═════ AVAILABLE DATA

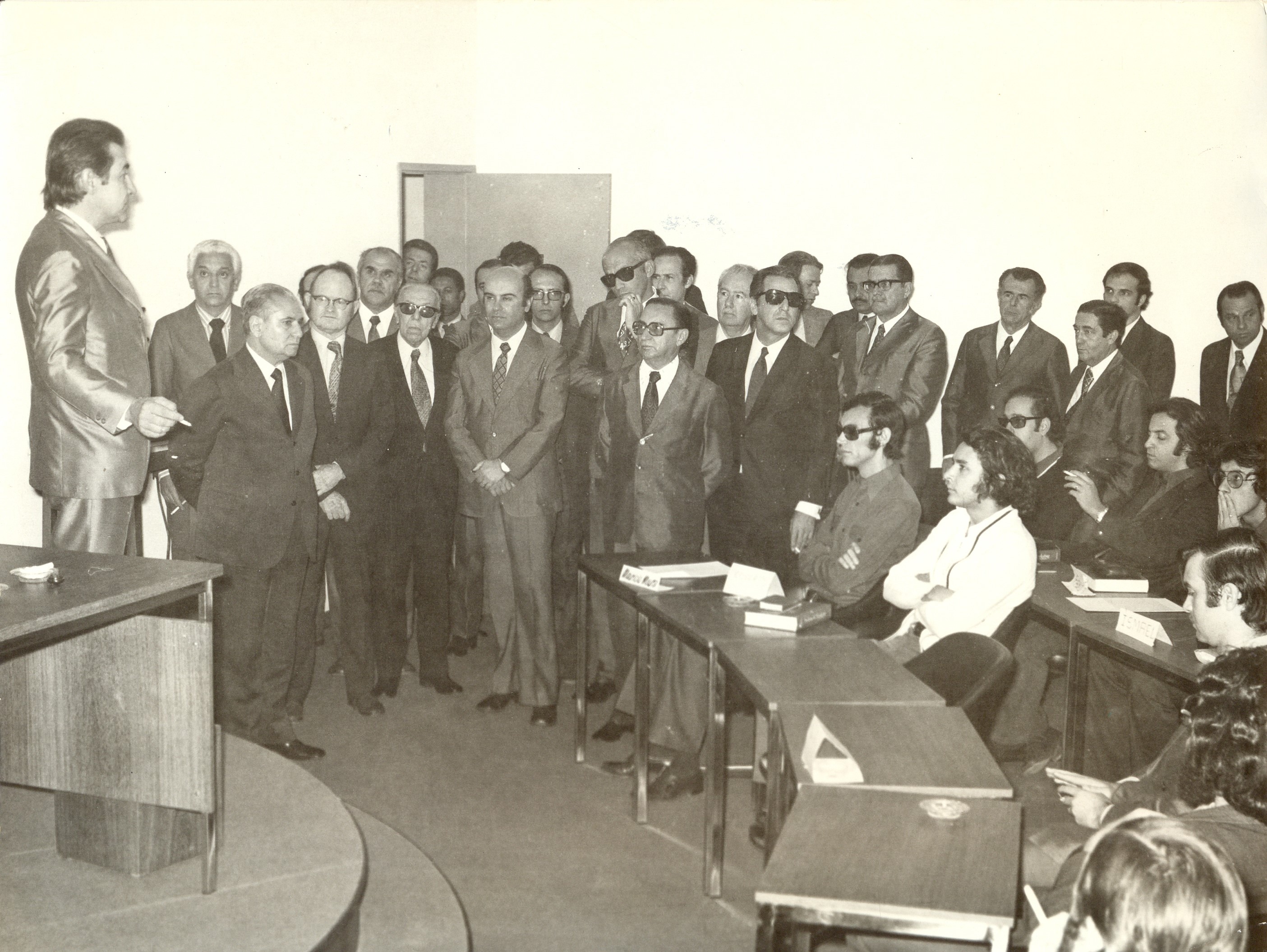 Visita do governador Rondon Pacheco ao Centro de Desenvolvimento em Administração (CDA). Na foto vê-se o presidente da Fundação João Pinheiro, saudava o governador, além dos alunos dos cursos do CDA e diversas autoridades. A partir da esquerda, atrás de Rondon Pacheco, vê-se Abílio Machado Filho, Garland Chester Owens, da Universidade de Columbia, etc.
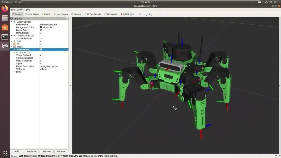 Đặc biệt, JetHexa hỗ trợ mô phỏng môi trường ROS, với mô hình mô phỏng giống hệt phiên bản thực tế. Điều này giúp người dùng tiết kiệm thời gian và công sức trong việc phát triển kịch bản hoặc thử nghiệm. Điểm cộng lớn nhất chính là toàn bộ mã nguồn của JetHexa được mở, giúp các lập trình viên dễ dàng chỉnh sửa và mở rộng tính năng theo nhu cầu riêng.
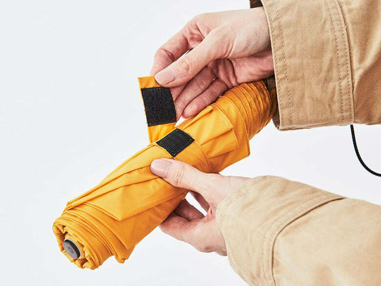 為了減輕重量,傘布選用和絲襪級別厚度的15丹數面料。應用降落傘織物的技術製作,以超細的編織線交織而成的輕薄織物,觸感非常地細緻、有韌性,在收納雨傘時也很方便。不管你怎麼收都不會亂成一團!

══════════
═════ AVAILABLE DATA

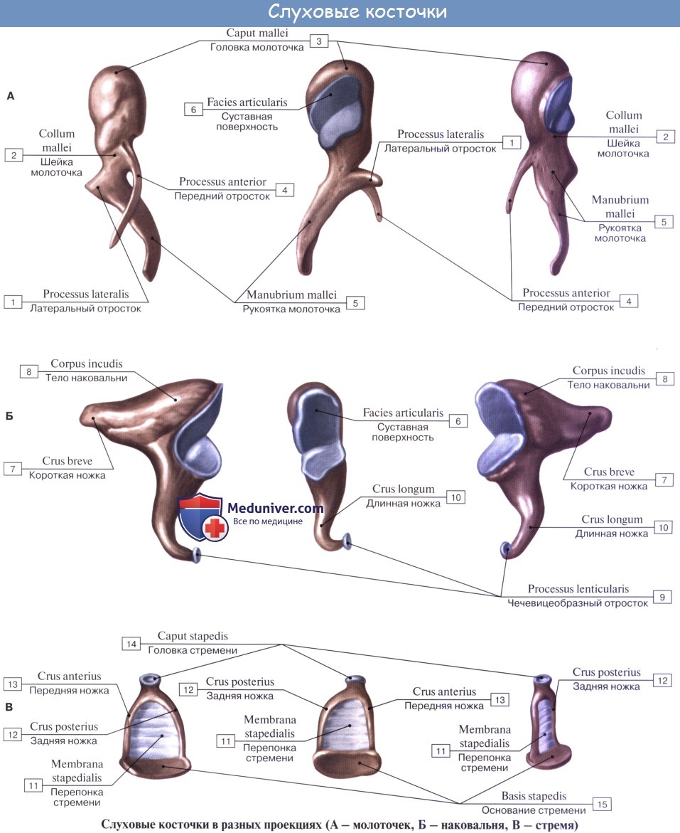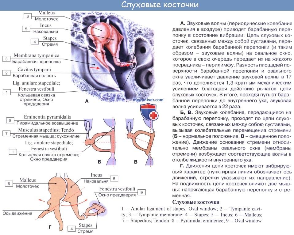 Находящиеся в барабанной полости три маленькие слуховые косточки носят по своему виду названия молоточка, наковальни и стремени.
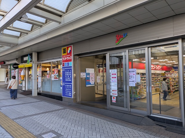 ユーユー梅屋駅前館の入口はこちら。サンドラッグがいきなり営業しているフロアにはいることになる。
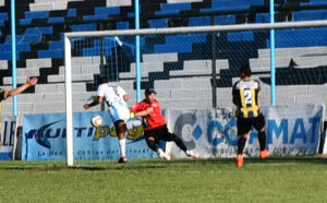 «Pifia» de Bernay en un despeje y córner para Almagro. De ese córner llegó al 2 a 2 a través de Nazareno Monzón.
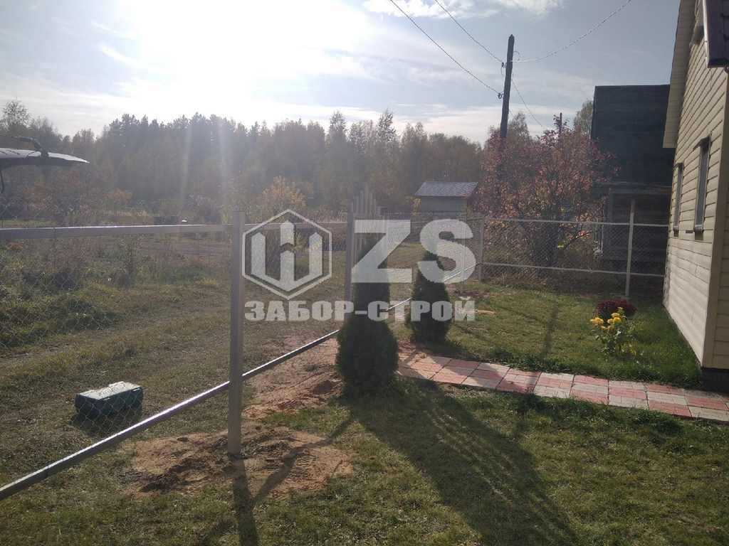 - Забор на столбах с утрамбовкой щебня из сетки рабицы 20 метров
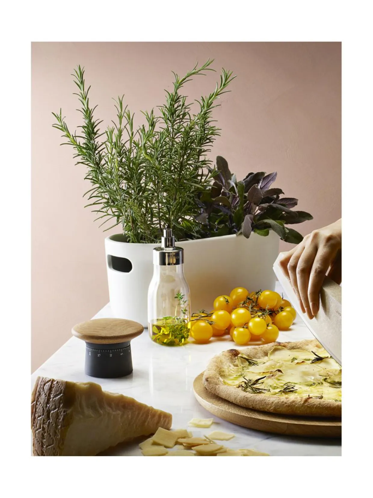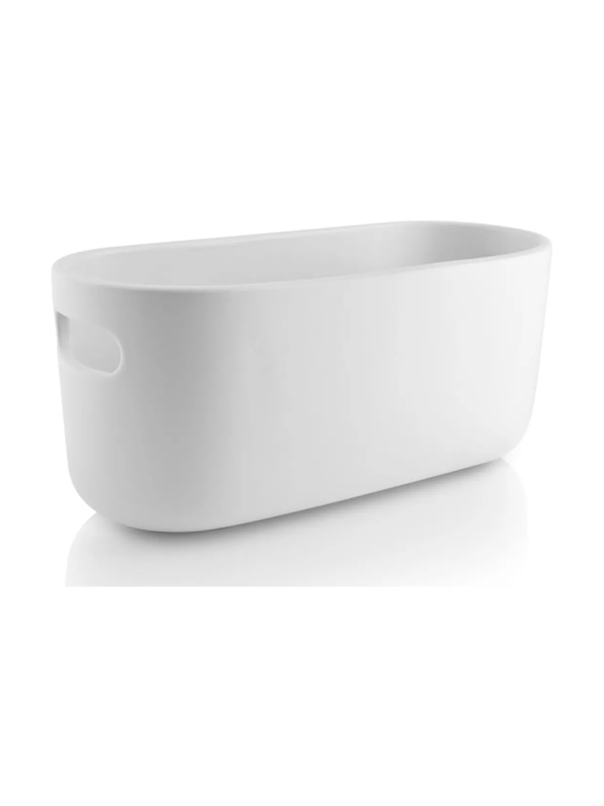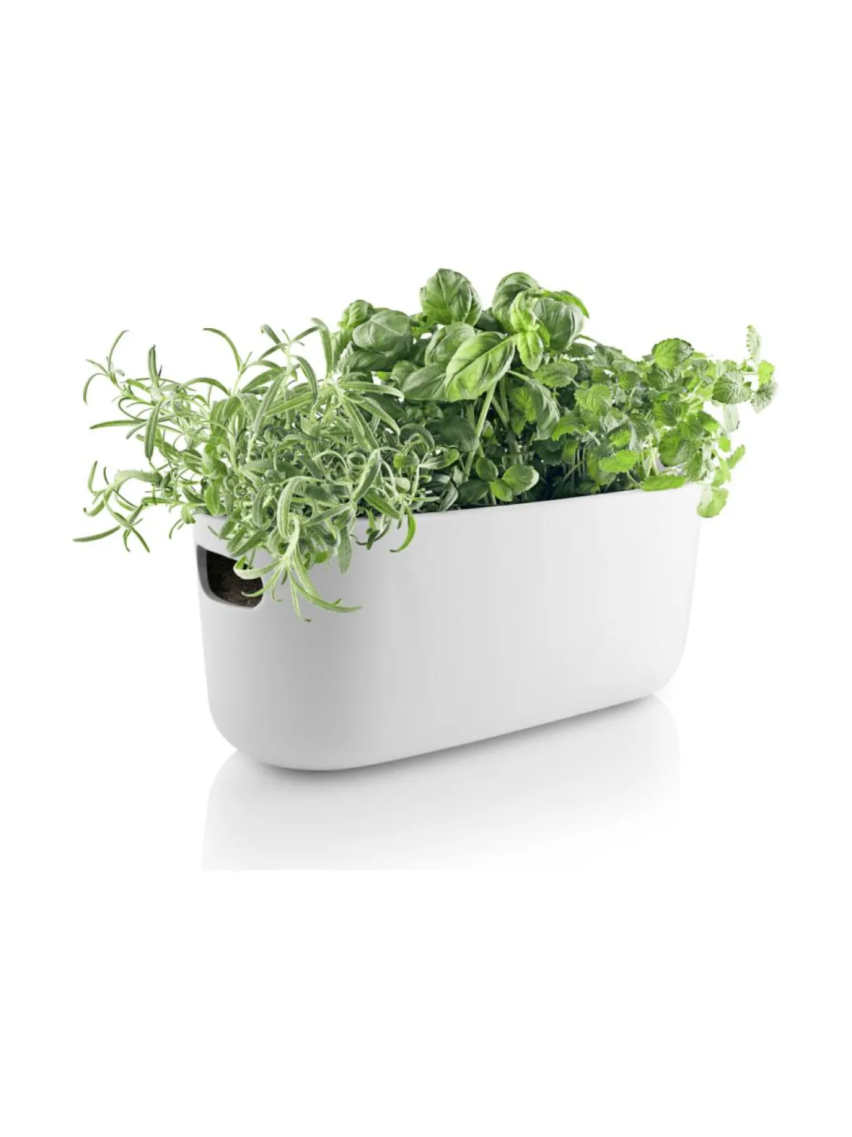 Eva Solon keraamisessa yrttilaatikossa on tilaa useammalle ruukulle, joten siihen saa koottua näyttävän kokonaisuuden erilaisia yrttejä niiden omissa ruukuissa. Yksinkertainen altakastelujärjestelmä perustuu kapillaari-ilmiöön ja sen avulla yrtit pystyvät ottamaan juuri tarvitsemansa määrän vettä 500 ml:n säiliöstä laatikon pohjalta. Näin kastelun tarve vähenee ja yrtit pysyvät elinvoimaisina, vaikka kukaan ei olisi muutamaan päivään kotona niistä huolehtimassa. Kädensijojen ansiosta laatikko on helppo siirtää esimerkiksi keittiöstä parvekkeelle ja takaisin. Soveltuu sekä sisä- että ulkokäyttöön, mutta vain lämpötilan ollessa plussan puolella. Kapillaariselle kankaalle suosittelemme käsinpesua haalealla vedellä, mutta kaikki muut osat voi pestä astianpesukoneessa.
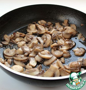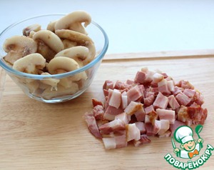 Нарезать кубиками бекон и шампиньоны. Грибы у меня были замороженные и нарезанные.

══════════
═════ AVAILABLE DATA

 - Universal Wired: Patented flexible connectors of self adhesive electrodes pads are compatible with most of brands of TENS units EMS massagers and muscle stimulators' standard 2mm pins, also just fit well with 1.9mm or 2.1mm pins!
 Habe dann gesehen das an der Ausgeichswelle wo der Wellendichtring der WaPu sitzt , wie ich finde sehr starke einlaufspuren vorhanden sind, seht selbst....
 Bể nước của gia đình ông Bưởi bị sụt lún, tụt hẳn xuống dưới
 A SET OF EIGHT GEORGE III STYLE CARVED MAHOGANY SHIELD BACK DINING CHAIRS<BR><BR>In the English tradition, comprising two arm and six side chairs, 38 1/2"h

══════════

The response must repeat exactly the lines above from the one with "Находящиеся в барабанной" through the one with "de Nazareno Monzón.", including both, and must contain no pictures and no other text.

 Находящиеся в барабанной полости три маленькие слуховые косточки носят по своему виду названия молоточка, наковальни и стремени.
 ユーユー梅屋駅前館の入口はこちら。サンドラッグがいきなり営業しているフロアにはいることになる。
 «Pifia» de Bernay en un despeje y córner para Almagro. De ese córner llegó al 2 a 2 a través de Nazareno Monzón.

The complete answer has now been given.